As you walk past this installation you are suddenly hit by a child like sense of sensitivity and fear of greater things (e.g. wildlife) which you could say has been very much truthfully retold by the fact that the exhibit was made by local schoolchildren. The space is transformed into a sinister atmosphere most progressively by the sounds that are played out adding a haunting sense of nature’s presence. For example a baby is shown hanging from the clasps of a black bird showing a sense of innocence that is being somehow lost or taken away.  However it is not all sinister here, there is a sense of a fairy tale whereby good and bad are ever present. This is displayed in the sense of innocence that is displayed as the stories have been told and retold to successive generations.
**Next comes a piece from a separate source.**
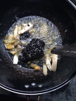 把泡椒,泡姜,豆鼓,酸菜,白糖,【喜欢吃辣的可倒入2勺郫县豆瓣】倒入油锅里翻炒,出香味即可。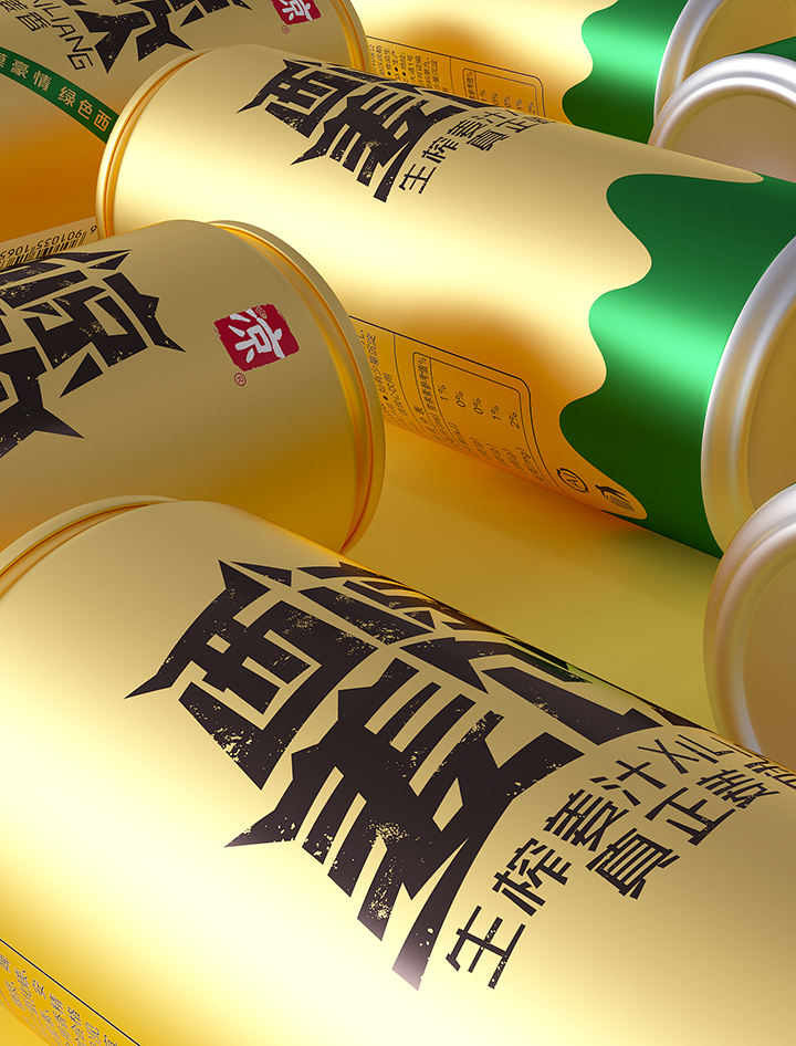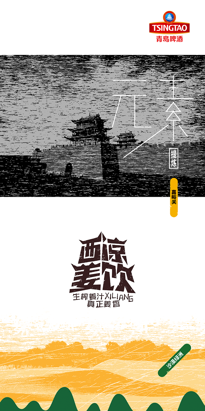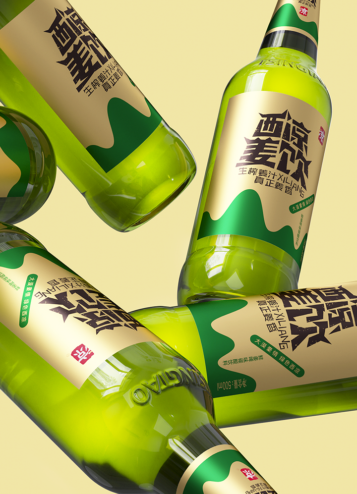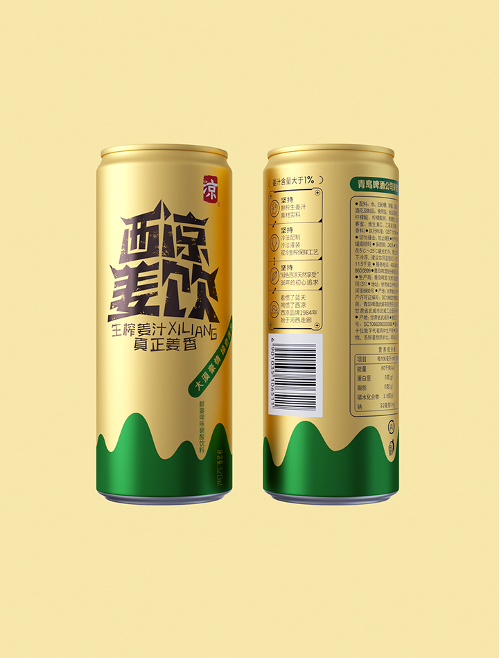 Xiliang ginger drink adopts the traditional technology of raw ginger juice to ensure the quality and taste of the product. The creativity combines Jiayuguan, desert, oasis, ginger juice and other elements, the font design of the brand name is Jiayuguan shape, the golden tank body and oasis ingeniously combine to form the sense of golden ginger juice flowing down. Color and shape are oases in the desert, expressing the meaning of precious water source. The golden pot is like an endless desert, and the golden ginger juice forms a positive and negative shape with the lower oasis, which skillfully shows the feeling of golden ginger juice overflowing from the mouth of the jar. The new design gives a new image to Xiliang ginger drink, which has the personality of Northwest China and contains the characteristic positioning of the product.

There a sense of common themes being developed here in how good triumphs evil, heroes behave selflessly and a sense of everyone living happily ever after.
A row of bears of all shapes and sizes are displayed to the opposite of the installation displaying a sense of nostalgia and innocence that is also strangely present in the installation piece opposite (which has been made not only by young school children but also by artists who led the sessions, this is displayed in the overall orchestration of the objects which is in no way childlike).
The various bears displayed all hold a sense of individual character thus giving them a sense of child like presence as they are treated as subjects of individual comfort and importance.
The orchestration of the trees and the sounds incorporated give a sense of the sinister unknown terrors which plague many a child’s nightmares, hence the title ‘the stuff of nightmares’, this exhibit forces us to confront our childhood insecurities and pushes those common fears to the forefront of our minds, putting it into reality and real terms.